Membicarakan Oong Maryono berarti membicarakan pencak silat dalam bentuk budaya, bela diri, seni, sekaligus olahraga.
Buku Pencak Silat Merentang Waktu karya alm. Oong Maryono adalah buku ketujuh yang saya ulas sebagai bagian dari program Satu Bulan Satu Buku sejak Desember 2016. Melihat jumlah buku yang terulas, sebenarnya saya agak melewati target dan karenanya, saya mencoba mengerem dengan tidak selalu membuat ulasan setiap buku yang saya baca.
Pencak Silat Merentang Waktu saya peroleh dari salah satu anggota Forum Pecinta dan Pelestari Silat Tradisional Indonesia pada tahun 2008. Mendapatkan dan kemudian membaca buku cetakan ketiga setebal lebih dari 378 halaman ini ibarat mendapatkan curahan kekayaan akal budi bangsa Indonesia yang wujud ke muka publik melalui riset mengenai silat di Indonesia yang dilakukan alm. Oong Maryono.
Secara pribadi, saya tidak mengenal alm. Oong Maryono dengan baik. Saya pernah bertemu dan berbincang langsung dengan beliau hanya dua kali dan semuanya terjadi di Padepokan Pencak Silat, Taman Mini Indonesia Indah. Di luar itu, komunikasi kami lebih sering terjadi melalui media sosial dan messenger. Meski demikian, hanya melalui pertemuan pertama pun saya sudah bisa merasakan kedalaman pengetahuan pencak silat yang tidak sekedar gerakan fisik, olahraga, atau pengetahuan budaya.

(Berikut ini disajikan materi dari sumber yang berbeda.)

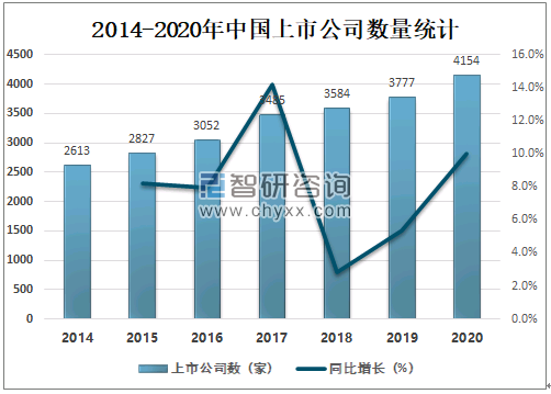 中国股票市场经过二十多年的发展,在筹集企业发展所需资金、改善企业融资结构、优化社会资源配置、促进中国经济发展等方面起到了十分重要的作用。近年来中国上市公司数量逐年增加,2020年中国共有上市公司4154家,较2019年增加了377家,同比增长10.0%。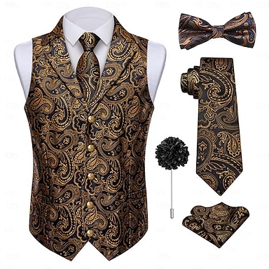Retro / vintage Möly 20s 1920-luku Asut Liivit Tarvikesarja Herrasmies Gangsteri Paisley-kuvio Jakardi Naamiaispuku Miesten Karnevaali puku 7 PCS Joulu Halloween Karnevaali Naamiaiset Cocktailjuhla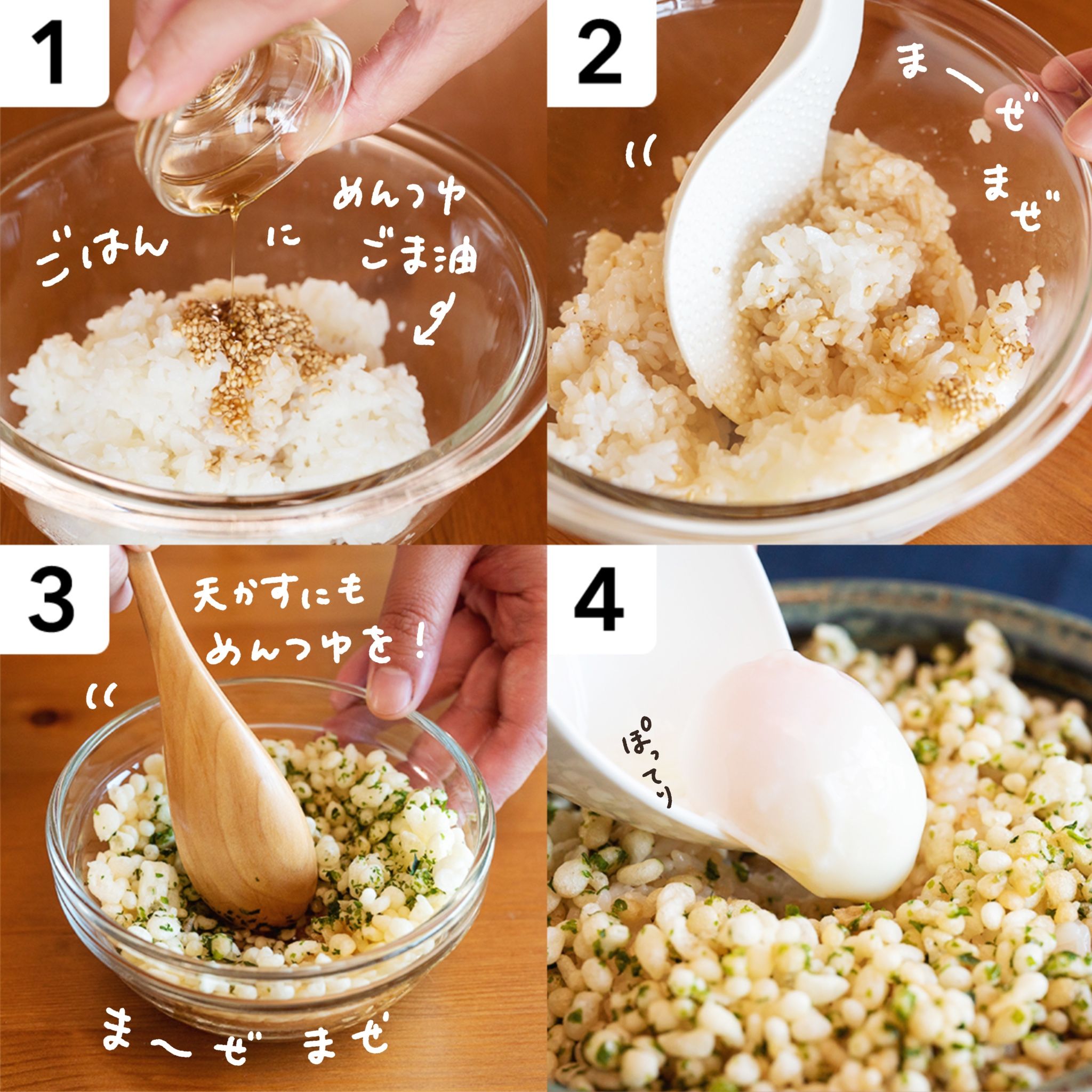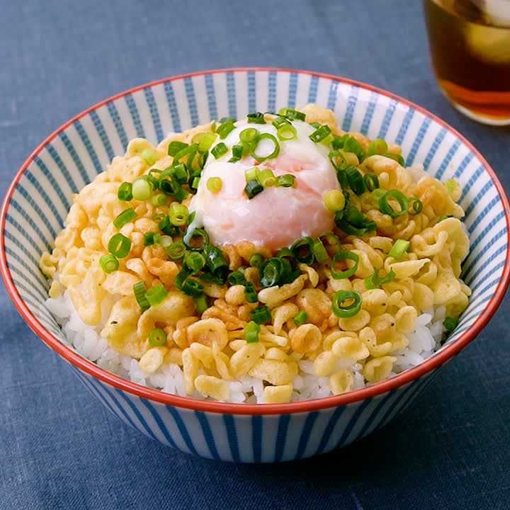 kurashiru クラシル時短 簡単料理・レシピon X: "ごはんが進みすぎる禁断の天かすレシピ😎🍚簡単やみつき 天かすでたぬきどんぶり①ごはん、めんつゆ、白いりごま、ごま油を混ぜる。 ②別のボウルで天かす、めんつゆ、青のりを混ぜる。 ③①の上に②、温泉。

Dalam opini saya, alm. Oong Maryono mengetahui pencak silat dari kulit hingga ke sumsum tulang dan buku Pencak Silat Merentang Waktu adalah bukti valid pengetahuan tersebut. Buku ini mampu mengisahkan pencak silat secara jauh lebih lengkap karena sepanjang pengetahuan saya, informasi tertulis pencak silat secara mayoritas hanya buku-buku tipis atau stensilan yang menekankan hanya pada teknik fisik dan/atau spiritual. Sangat jarang catatan tertulis yang menceritakan konteks sosial budaya pencak silat. Buku Pencak Silat Merentang Waktu mampu merangkum semua hal tersebut dengan baik sesuai konteks.
Apa itu pencak silat?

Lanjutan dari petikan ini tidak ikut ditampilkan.